IL-6 is a multifunctional cytokine that can regulate various immune and inflammatory responses, although it is usually absent from the lung under normal circumstances (6). It has been shown to be released by activated T cells (36), B cells (19), monocytes (36), macrophages (14), fibroblasts (27), epithelial cells (14), and endothelial cells (30). Several studies have suggested a crucial role for IL-6 in angiogenesis. Increased IL-6 expression was measured in vivo during the formation of the vascular system that accompanies development of ovarian follicles after embryo implantation (23). In a wound-healing model, Mateo and colleagues (21) reported increased IL-6 protein in wound fluid and serum within 12 h after wounding. Additional studies by Lin et al. (20) confirmed the presence of IL-6 protein and neutrophils, macrophages, and fibroblasts within wound sites after skin incisions. Both tumor growth and systemic inflammation were reduced in a mouse cancer model treated with IL-6 antibodies (5). In sum, these results suggest that both IL-6 and inflammation are part of the angiogenic process. Furthermore, our initial screening demonstrated that IL-6 might play a role in lung angiogenesis after ischemia. Thus we designed this study to determine the functional importance of IL-6 for new vessel growth to the lung after left pulmonary artery obstruction and its relation to the inflammatory cell profile of the ischemic lung after pulmonary artery obstruction.

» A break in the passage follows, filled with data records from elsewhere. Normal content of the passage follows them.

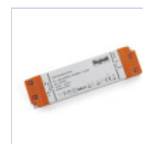
4712 DRIVER ISOLATO 24V IP20 100W
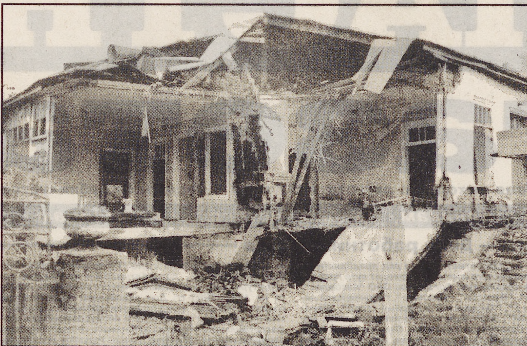
(Окончание. Начало в № 140). НА СОВЕЩАНИИ глав СНГ, которое состоится в сентябре, предполагается поднять вопрос о выводе миротворческих сил из зоны конфликта в Грузии.

Аудиторская фирма "Контур-Аудит". Тел/факс: (3432) 74-39-21.
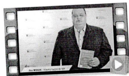
Odborníci o koronavírusu.mp4
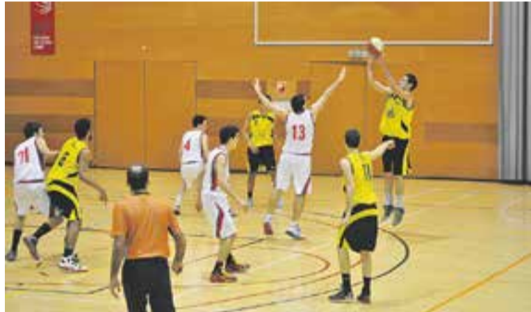
© Sergio García llança des de la línia de triple davant La Salle || A.SAN ANDRÉS

Herrero destaca la victòria dels seus jugadors contra la Salle Manre-
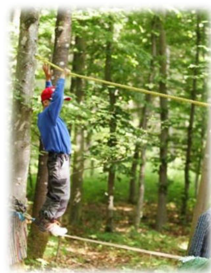
Abbildung 5: co.natur gGmbH Waldkindergarten Heimsheim

Für die Zukunft unserer Erde ist es von großer Bedeutung, dass wir beginnen, die Natur nachhaltig zu schützen. Hier gilt es bereits ganz früh einen Grundstein für den verantwortungsvollen Umgang der Kinder mit und in der Natur zu legen.
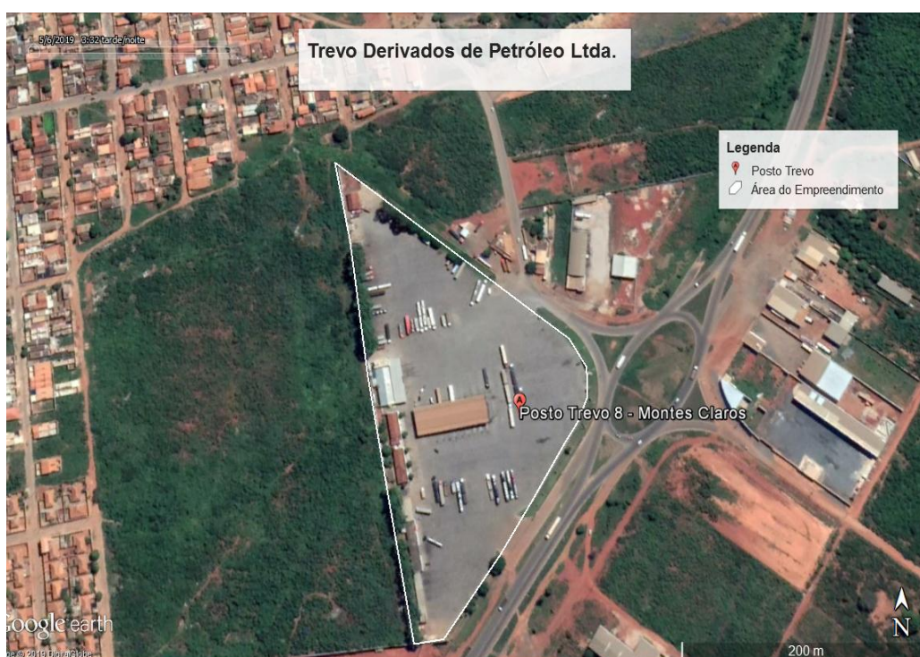
Figura 1. Área do empreendimento Trevo Derivados de Petróleo Ltda.

Em termos de layout , o empreendimento é composto pela área do SASC, pista de abastecimento e troca de óleo, edificações de infraestruturas (escritório administrativo, vestiário, restaurante, lojas de conveniência, oficina e borracharia) e estacionamento.
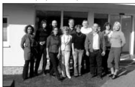
Kopā ar projekta partneriem no Vācijas, Itālijas Polijas un Portugāles

Projektā ietvaros jau ir uzsākti angļu valodas kursi trijās grupās klausītājiem ar dažāda līmeņa priekšzināšanām, kā arī datoriemaņu kursi trijās grupās. Atšķirībā
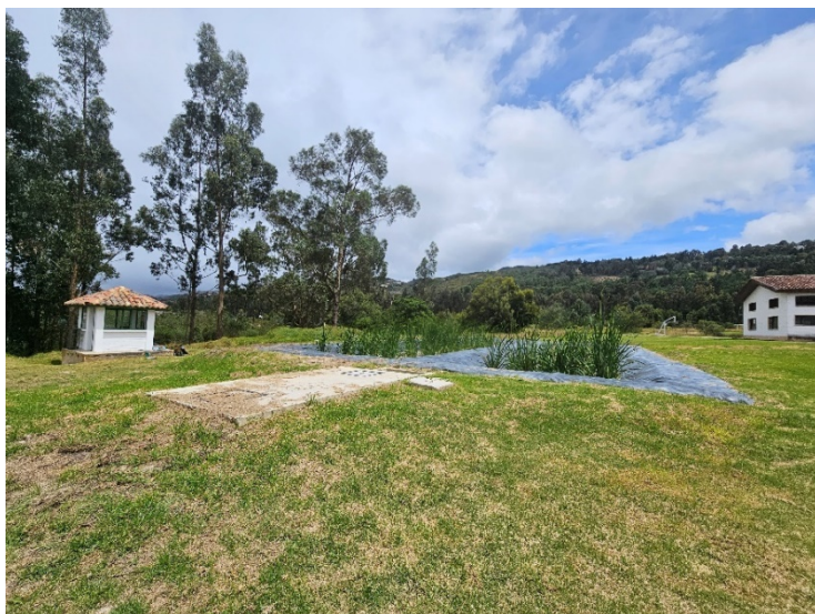
Ilustración 4 Planta de tratamiento aguas residuales sede Yerbabuena

Left pulmonary artery ligation.
Our protocol was approved by the Johns Hopkins Animal Care and Use Committee. Five- to six-week-old male C57Bl/6J mice (WT; Charles River, Wilmington, MA) and IL-6-deficient (−/−) homozygote mice raised on C57Bl/6J background (KO; Jackson Laboratories, Bar Harbor, ME) were used in this study. Mice were anesthetized (2% isoflurane in oxygen) and intubated and ventilated at 120 breaths/min, 0.2 ml/breath, with the anesthetic/gas mixture. A left thoracotomy was performed at the third intercostal space to expose the left lung; the left pulmonary artery was located, separated from the airway, and ligated using 6-0 silk suture. The thoracotomy was closed with a suture while the animal was placed on positive end-expiratory pressure (1 cmH2O). A drop of 2% lidocaine was applied for analgesia, and the skin incision was closed using methyl acrylamide adhesive. The animal was removed from the ventilator, extubated, and allowed to recover. Sham surgical control mice were treated the same as experimental mice in all respects except for LPAL. No surgical procedures were performed on naive mice. After specified times after LPAL, anesthetized mice were killed by cervical dislocation.
IL-6 and MIP-2.
After specific time points after LPAL (4 h or 1 or 7 days), mice were euthanized, and the upper thirds of the left lung and the right lung were dissected and excised. Lung samples were weighed, homogenized (Fastprep Bio101; Thermo Savant, Holbrook, NY), and aliquoted for ELISA and bicinchoninic acid assays. The samples were processed according to the Quantikine Mouse IL-6 or MIP-2 ELISA kits (R & D Systems, Minneapolis, MN). Total protein measurements were made according to the bicinchoninic acid protein assay kit (Pierce, Rockford, IL).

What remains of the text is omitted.